Phase 3: Consolidating ‘quality culture’ in Africa (February 2017 – April 2018)

  1. Visits to select African QA agencies/bodies, promoting the uptake and testing of the ASG – ‘Consultancy visits’ and ‘agency reviews’
  2. QA agency staff development workshop
  3. Institutional quality culture support through institutional evaluations, building capacity for institutional self-assessment
  4. Promoting AQRM as a tool for self- evaluation

Phase 4: Sustainability and further development of the Pan African QA and Accreditation System (February 2018 – September 2018)

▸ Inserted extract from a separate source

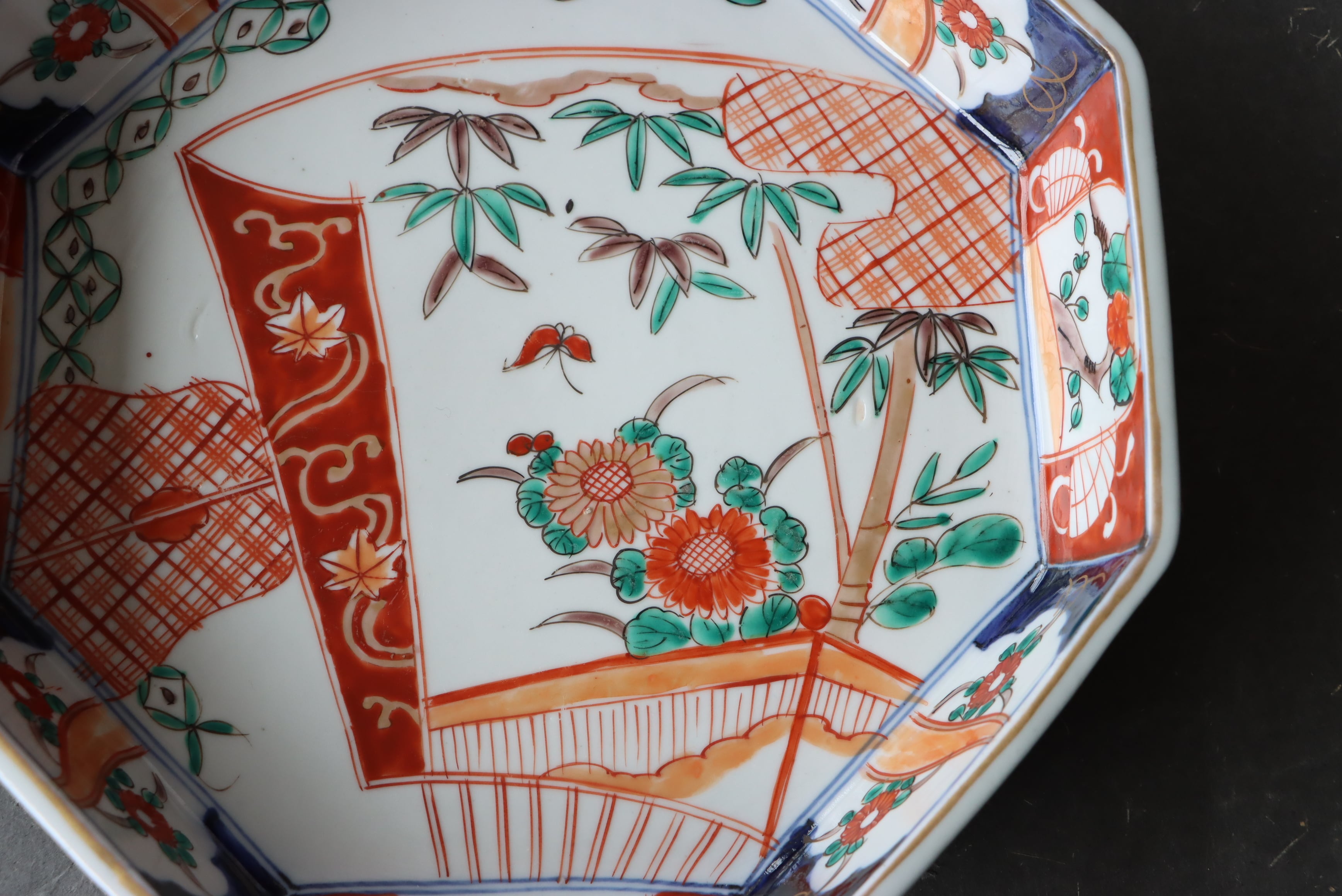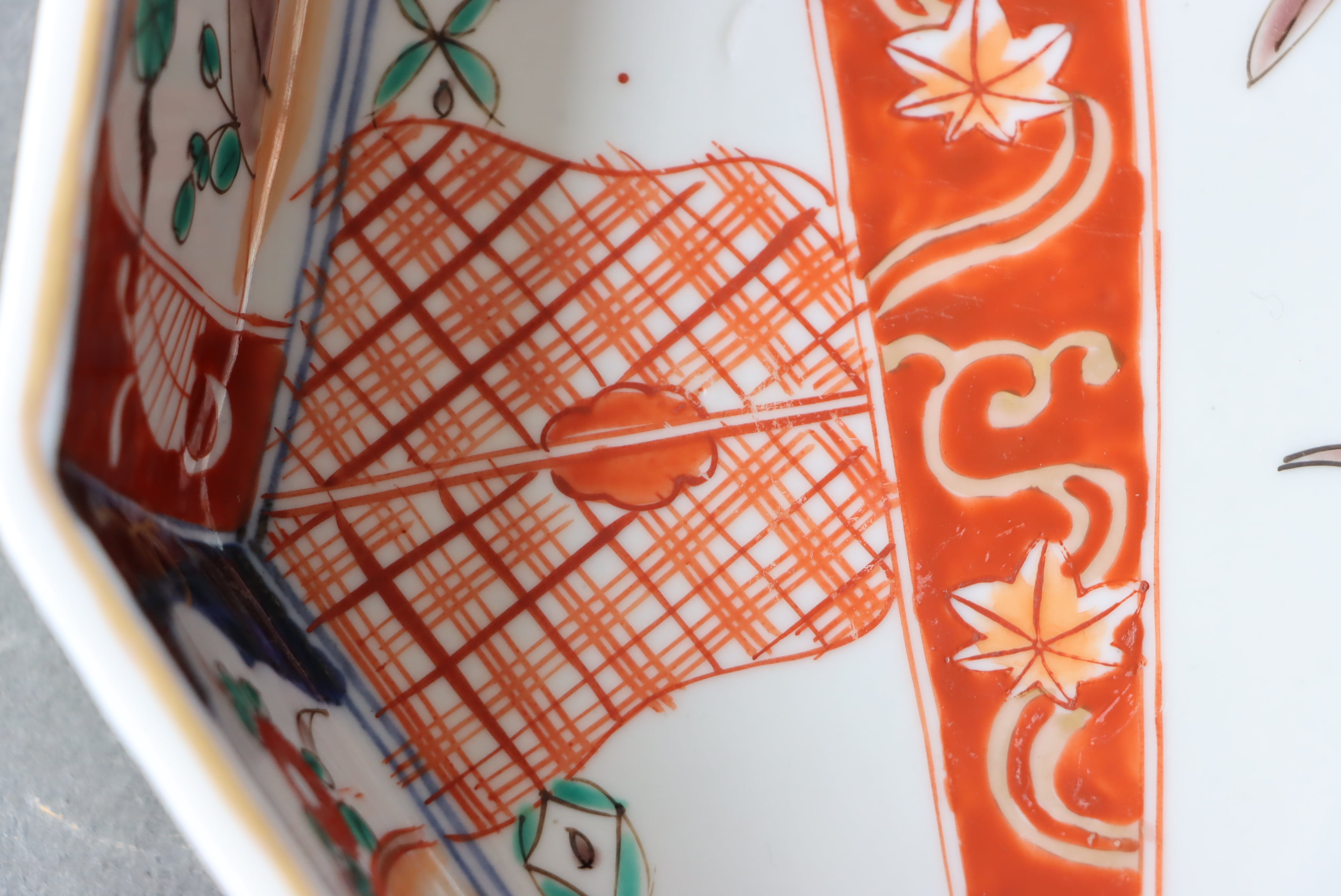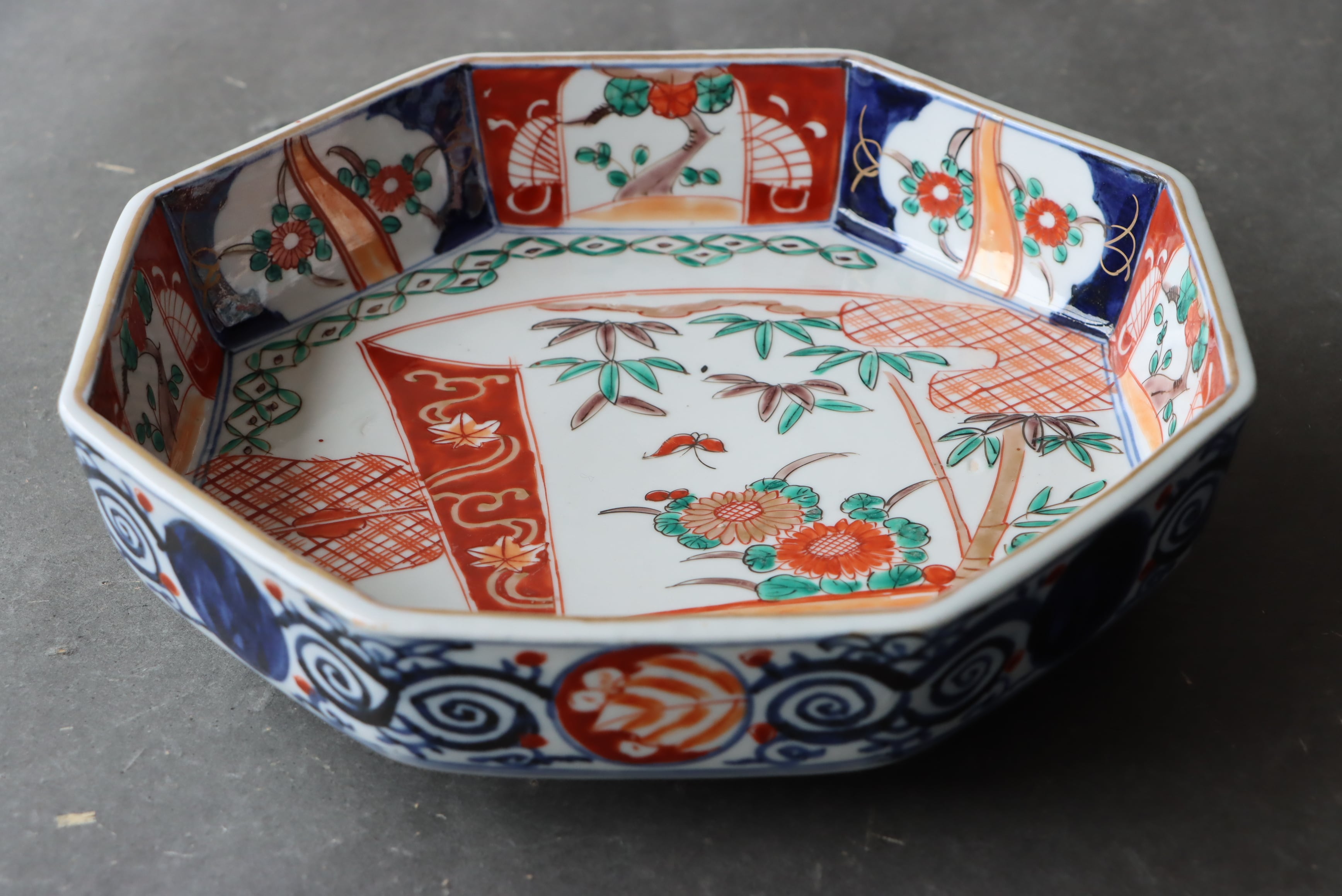 伊万里焼 色絵 扇面軍配花文 八角形 平鉢/Imari bowl

  1. Endorsement of external review model for QA agencies in Africa (proposed by Technical Working Group)
  2. Regional conference, reinforcing ‘AQAF’ as an annual continental forum
  3. Consolidation of African QA Platform/Database and Capacity Development Centre as major continental tools and structures

 

Methodology

Read this in: French Portuguese (Portugal) Arabic

The methodological approach considered the different facets of the African QA and Accreditation Framework (PAQAF) that is under development and currently backed at African Union level. It simultaneously reinforced national quality assurance agencies/bodies (QAAs) and higher education institutional quality culture and planted the seeds for aligning different existing regional QA initiatives (East Africa, for example) with PAQAF. The methodology is premised on the following principles, which are inherent to the way in which the activities are designed:

  • The Initiative is rooted in not only African stakeholder buy-in but also African organisational capacity to sustain the endeavour. This is why AAU has set up an ‘Africa Centre for Capacity Development in QA’ which channeled a number of the training activities that the Initiative facilitated. Furthermore, AAU had a critical role in pan-African stakeholder communication, driving the QA Platform and also facilitating the conception, communication and registration of events that were organized.
  • As a means to maximize impact, synergies with other current African QA-related initiatives, especially those that are EU and AUC supported, were critical

– Many activities were planned alongside continental and regional events in Africa, such as the African Quality Assurance Forum (‘AQAF’), ‘COREVIP’ (AAU Conference of African Vice Chancellors) and also AUC, and UNESCO related events.

– There are key synergies with TUNING events, another important initiative supported by the EU under the EU-Africa Strategic Partnership

  • A number of activities have required training delivered by QA experts. Such training and knowledge transfer has come not only from European experts but also from experts from other African countries that had good practice to share. This contributed to internal African knowledge transfer.
  • Knowledge transfer has been bi-directional

– The Implementing Consortium used its European dissemination and policy channels to ensure that the African QA experience were also shared in Europe and that many of the activities planned also incorporated a discussion on how Africa-European collaboration and mutual exchange around the topic of QA can be enhanced. This underpined the EU-Africa Strategic Partnership and also benefit the European Higher Education Area (EHEA)

  • Emphasis was placed on engaging countries, organisations and institutions that have participated less frequently in the past in African continental activities, so as to bring some countries/individuals ‘up to speed’.
  • Participants were also be encouraged to avail of EU-funded programmes targeting higher education and Africa such as Erasmus, the the Marie Skłodowska-Curie Actions and the Intra-Africa Academic Mobility Scheme to further implement and enhance work in these fields.